- Opening Delimiter -
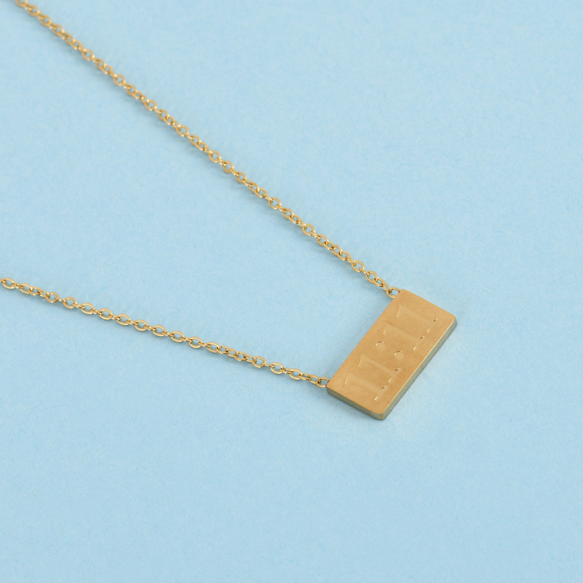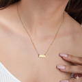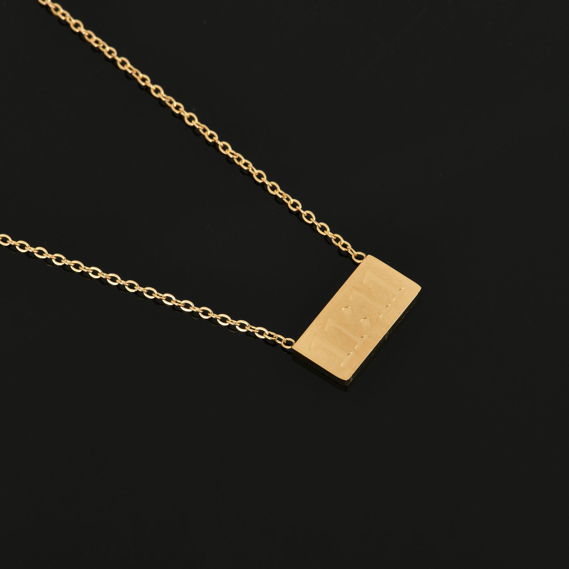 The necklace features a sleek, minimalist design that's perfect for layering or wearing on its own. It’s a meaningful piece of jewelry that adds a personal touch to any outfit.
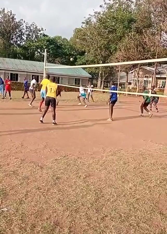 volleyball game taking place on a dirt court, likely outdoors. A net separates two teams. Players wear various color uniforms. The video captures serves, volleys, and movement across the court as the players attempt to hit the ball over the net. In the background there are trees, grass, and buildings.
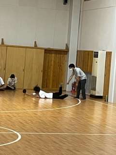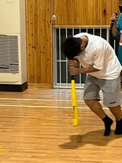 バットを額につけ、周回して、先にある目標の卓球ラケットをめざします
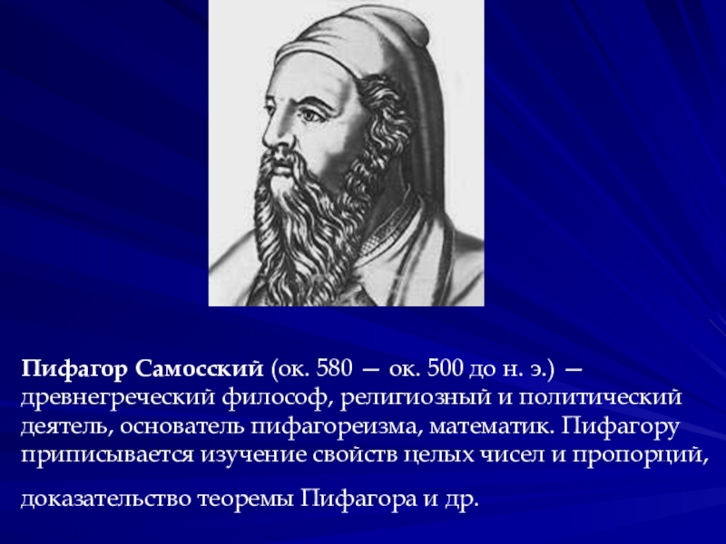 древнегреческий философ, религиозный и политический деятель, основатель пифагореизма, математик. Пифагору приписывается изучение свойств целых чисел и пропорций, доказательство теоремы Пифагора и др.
- Closing Delimiter -
◆ Action item
Restate the whole of the material word for word without the pictures.

◆ Exercise output
 The necklace features a sleek, minimalist design that's perfect for layering or wearing on its own. It’s a meaningful piece of jewelry that adds a personal touch to any outfit.
 volleyball game taking place on a dirt court, likely outdoors. A net separates two teams. Players wear various color uniforms. The video captures serves, volleys, and movement across the court as the players attempt to hit the ball over the net. In the background there are trees, grass, and buildings.
 バットを額につけ、周回して、先にある目標の卓球ラケットをめざします
 древнегреческий философ, религиозный и политический деятель, основатель пифагореизма, математик. Пифагору приписывается изучение свойств целых чисел и пропорций, доказательство теоремы Пифагора и др.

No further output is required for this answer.